I think most of us tend to reevaluate our lives and goals at the beginning of a New Year. Because of the tremendous shift in my life over the past six months, this feels more important this year. The fall and the holidays were times of unbridled joy and excitement at the rediscovery of things I hadn’t been able to do for years. I hadn’t realized how much I had lost until it was returned to me in July.
I reveled in taking my sweet dog for walks, ambling along trails that followed old railroad lines, now refurbished for walking, running, and bicycling. (I’m still at the walking stage. One thing at a time!) Or taking a path through the woods in many of the local parks, reveling in the awesomeness of God’s creation.
I reveled in taking a few days to spend with my daughter in her third floor apartment, actually being able to walk up to the third floor—and not having to drag all kinds of medical equipment. During that visit I walked the length of the town in which she lives, embracing the joy of their Light-Up Night celebrations and the many activities that took place all over town.
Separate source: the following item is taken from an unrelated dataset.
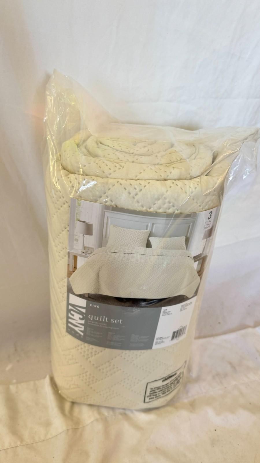 New VCNY Home Ivory Quilt for King Size Bed 3-Piece Bed Set Comforter Set

I reveled in becoming more involved in the women’s Bible study at church in which I’d participated for the past five years. The fact that I no longer struggle with debilitating fatigue has given me the energy to exercise my God-given gifts of teaching and singing.
I reveled in having choices about what to do with my days. I forged ahead with little thought of planning my time and activities. I just went and did.
I’ve had my season of fun and revelry. But now comes the time to reflect and deal with the temptation to grab EVERY opportunity that presents itself. It’s time to evaluate and prioritize and choose what my life is going to look like for the long haul.
And the truth is I still have work to do in regards to my healing. The years of steroid treatment have left me with many unwanted and unhealthy pounds that need to be stripped from my body (would that they could in one fell swoop!). Physical inactivity has resulted in deconditioning and loss of strength.
Most exciting is that the constant brain fog that accompanied the fatigue is gone, giving me a clearer mind to pursue my writing goals. I have two major projects I intend to work on this year as well as being more diligent in pursuing publication for numerous completed works.
One of the ways I hope to accomplish these goals is through both focus and discipline, two things I’ve never been very accomplished at. But with God’s help and the new chapter He’s writing in my life, I know that ALL things are indeed possible. I heard this quote at a meeting I attended this past weekend. “I know that God wants what is best for me. So why don’t I want what’s best for me?”
Let me know what your thoughts and goals are for the year. Then join me as we pursue not just the good things in my life and yours, but the BEST. WE CAN DO IT!